As his legal and political climate becomes increasingly hostile, Donald Trump has doubled down on conspiracy, and he’s adopted some classic anti-Semitic dog-whistle terminology.  He advocates “nationalism,” rants against “globalism,” refers to immigrants (at least the ones from shithole countries) as animals and snakes.  He’s even taken to calling out George Soros by name. 

But wait, you might be thinking.  Look at all Trump has done for Israel.  Didn’t he move our embassy to Jerusalem?  Aren’t he and Netanyahu BFFs?  How could someone like that be anti-Semitic? 

Well, Trump and Bibi are kindred spirits – corrupt and thuggish – except that Netanyahu was a war hero, while Generalissimo Trump was grounded by his pesky bone spur issues.  But Trump envies and admires dictators, and while most strongman-rulers hold power in third world banana republics, Netanyahu is the elected leader of an important strategic ally.

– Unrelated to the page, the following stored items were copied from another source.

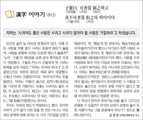 인간의 삶은 늘 타인과 연계되어 있다. 이때 모든 사람을 차별 없이 사귀는 포용적 태도가 옳을까, 사람을 분별해 사귀는 단호한 태도가 옳을까? ‘논어’ ‘子張’의 제3장을 보면 공자 제자들은 의견이 엇갈렸다. 子夏의 門人이 子張에게 벗 사귀는 문제를 묻자 자장은 “자하는 무어라 하더냐”고 되물었으므로 자하의 문인은 위와 같이 대답했다. 子夏曰 이하는 인용문이므로 ‘하더이다’라는 토를 붙였다. 자하는 이름이 商으로 孔門十哲(공문십철) 가운데 한 사람이다. 可者는 사귀어도 좋은 사람, 즉 益友(익우)다. 與之는 그와 사귄다는 뜻이다. 不可者는 사귀어서는 안 되는 사람이다. 拒之는 그를 拒絶(거절)한다는 뜻이다.
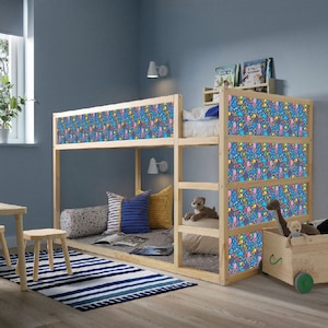 Cute Floral and Unicorn Pattern IKEA Kura Bed Sticker Set, Soft Flowers Illustrations Kids Room Kura Bed Decals, Boho Rainbow Kids Decal Set
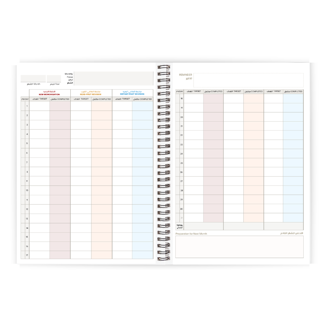 ✔ Space to record 2 full years of your Hifdh journey
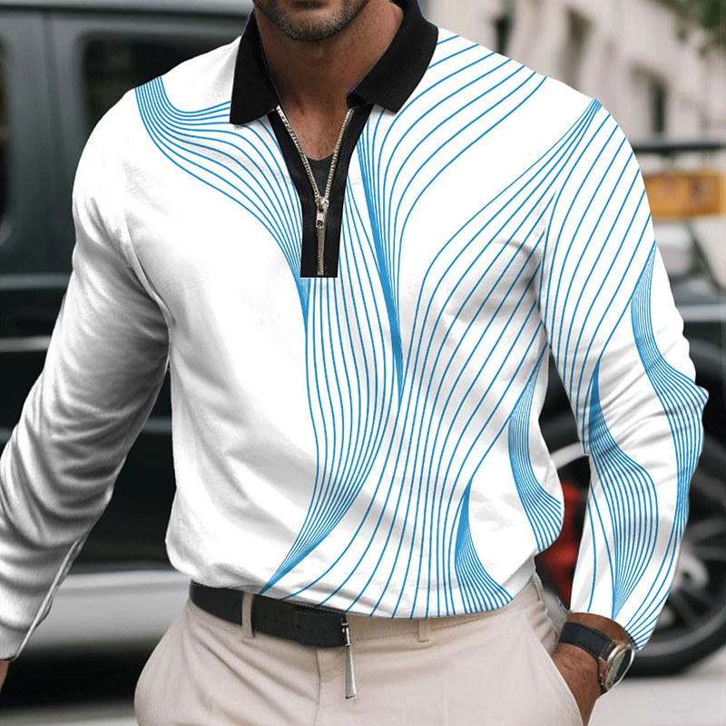 Men's Geometric Line Polo Long Sleeve Polo Shirts Lapel Business Casual Athleisure Daily Wear 3D Print Quarter Zip Polo Spring Fall Winter Black White Blue
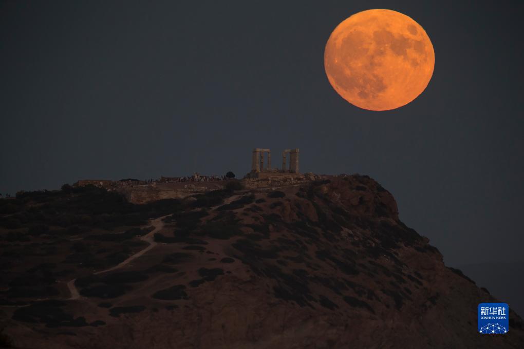 8月30日,“超級月亮”從希臘蘇尼翁角的波塞冬廟上空升起。
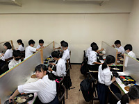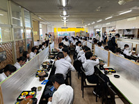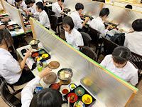串本海中公園のレストランにて、全員集合。検温も済ませ、昼食です。
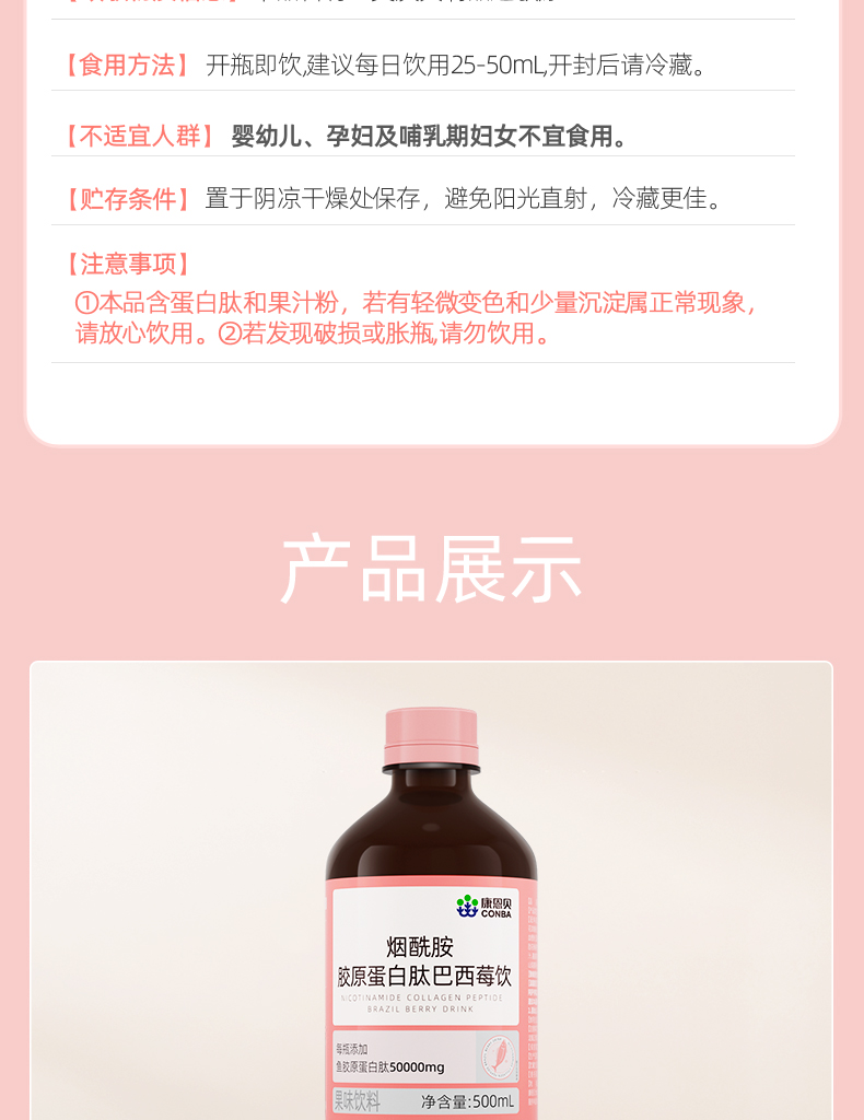 专属#189/4瓶 康恩贝烟酰胺胶原蛋白肽液态饮小分子肽口服液黄气

But right-wingers don’t support Israel because they love Jews.  They support Israel because of something called “dispensational pre-millennialism” – a belief that the End Times, the Battle of Armageddon and all that – can only happen after a strong Jewish kingdom has been established, with its capital in Jerusalem. 

Fifty years ago, dispensational pre-millennialism was an obscure theory, espoused by a relatively small number of evangelical Christians. Then Hal Lindsey wrote THE LATE, GREAT PLANET EARTH.  Tim LaHaye and Jerry Jenkins followed with their LEFT BEHIND books in the 90s, and suddenly “The Rapture” had gone mainstream.  The end of the world was at hand, and right-wing Christians believed that supporting Israel was a key factor in hurrying it along.  This is also the last chance that Jews will have to convert to Christianity before being doomed to eternal damnation. 

Long story short, in the Middle East, Jews occupy a theologically strategic position.  In the United States?  Not so much.  For American anti-Semites, that makes them fair game for demonization – and for some extreme elements, fair game for murder. 

I suppose the world will end sometime, but according to my Bible, Jesus himself said (Mark 13:32) that no man knows when it will happen.  In the meantime, the Ten Commandments and the Golden Rule continue to apply.  We’re supposed to love our neighbors as ourselves, and as Jesus noted in the Parable of the Good Samaritan, everyone is our neighbor – even people we think of as our enemies.  Jesus didn’t say it would be easy, but he said we should do it.

In the immediate future, the most loving thing you can do for your neighbors, near and far, known and unknown, is to vote the party of hate out of office.  One week to go, friends.  Let’s keep our eyes on the prize.